# Ewr surge problem



## koala85 (Jan 2, 2017)

Hi everyone while you are waiting at the Newark airport and surge is 2.4 are you getting request with no surge?Im a tlc driver.Or somewhere else in Nj inside the surge and getting requesr with no surge I have a video too also Im was checking as a passenger pick up ewr terminal a to Hoboken shows 40$ and penn station 42$ I think they are kidding.

This is the another one from today


----------



## NWNJ (Feb 1, 2019)

I don't hang out at EWR but I've been seeing this a lot this week. I usually just decline but I decided to take 1 last night just to see what would happen. No surge was applied called support, they passed it on to someone else. I finally got an email a few hours later with a canned response:

I understand surge earnings are an important part of your experience with Uber. When reviewing this trip's details we can see that no surge amount applied. Below are some reasons this may be different from what you saw on the heat map:

- Surge is determined by the rider pickup location and the time of the rider request
- Surge does not take into account your vehicle's location
- Surge pricing is also updating in real time

Keep in mind that to earn surge, you must drive through the surge areas and accept your next trip without going offline or rejecting the trip. You will earn the highest surge amount of all surge areas you reach, which will update in real time on your app, so you’ll always know exactly how much surge will be added to your next trip.

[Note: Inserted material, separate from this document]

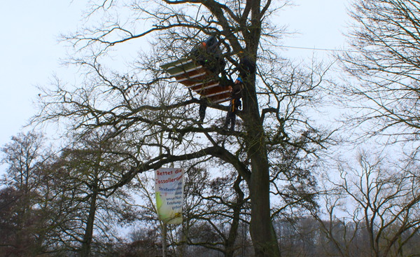 Die Bäume auf der geplanten Trasse des Straßenneubaus B49 um Reiskirchen und Lindenstruth sind besetzt! Dieser Straßenbau findet nicht statt! Und auch sonst keiner mehr! Es reicht! Die Mittel für den Neubau dieser und von 22 anderen Neubauten wurden aus dem Sanierungstopf für Straßen und Schienen geklaut. Machen wir die B49 zu einem Wendepunkt: Vogelsbergbahn ausbauen statt parallel zu Bahn und A5 noch eine Straße bauen!!!

I appreciate your understanding. Please let me know if I can help you with anything else. Thanks for being a Diamond driver-partner!

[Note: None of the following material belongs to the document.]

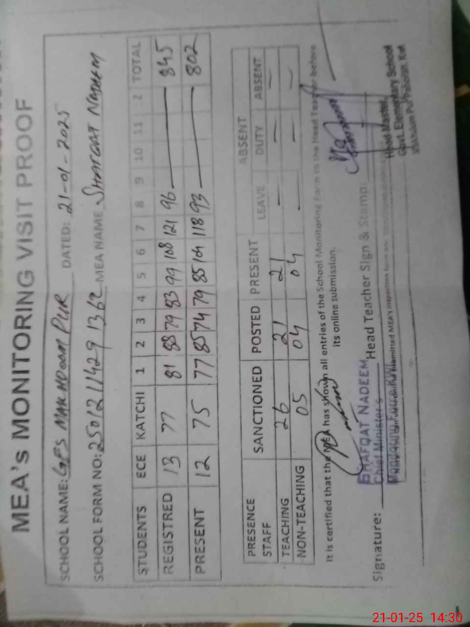 | EMIS Code: 36420062 | Name of School: GES MAKHDOOM PUR, KHANEWAL | |||

The response is for a state with sticky surge. Couldn't even be bothered to use a response that applied. The only thing I can assume is pax requested before the surge grew to cover his location but everyone kept declining it waiting for one that was in the surge. That or Uber is just screwing drivers.


----------



## koala85 (Jan 2, 2017)

They sent the same shit to me and my friend

People gonna come back from spring break and Im gonna see the Uber if they don't give me surge Im not gonna pick up anyone from the airport and Im not gonna drive for them they can send their office boys to pick up people from Newark.


----------



## koala85 (Jan 2, 2017)

My smart uber can’t find a driver to drive for them at the Newark airport


----------



## bankerbilo (Mar 26, 2019)

is there a Uber driver still driving for Uber at the Newark aiport with no surge?


----------



## koala85 (Jan 2, 2017)

Uber pool is more expensive than uber x at the Newark )


----------



## nickd8775 (Jul 12, 2015)

It's a glitch, they're not charging surge on trips to NYC. Because of that, no TLCs are picking up at EWR


----------



## koala85 (Jan 2, 2017)

Im not going to ewr anymore not gonna carry someone to city for 25$ come on.They don’t give surge new jersey drivers too.if the rider going to Somwhere out of new york they charge them surge it’s so stupid to go to Hoboken 40$ to go to the penn station 42$


----------



## UberPete1911 (Aug 10, 2017)

nickd8775 said:


> It's a glitch, they're not charging surge on trips to NYC. Because of that, no TLCs are picking up at EWR


Not a glitch. Because of the TLC law change in NYC, uber is not about to pay minimum wage and surge on top of that.

It's base fare for all NYC trips.


----------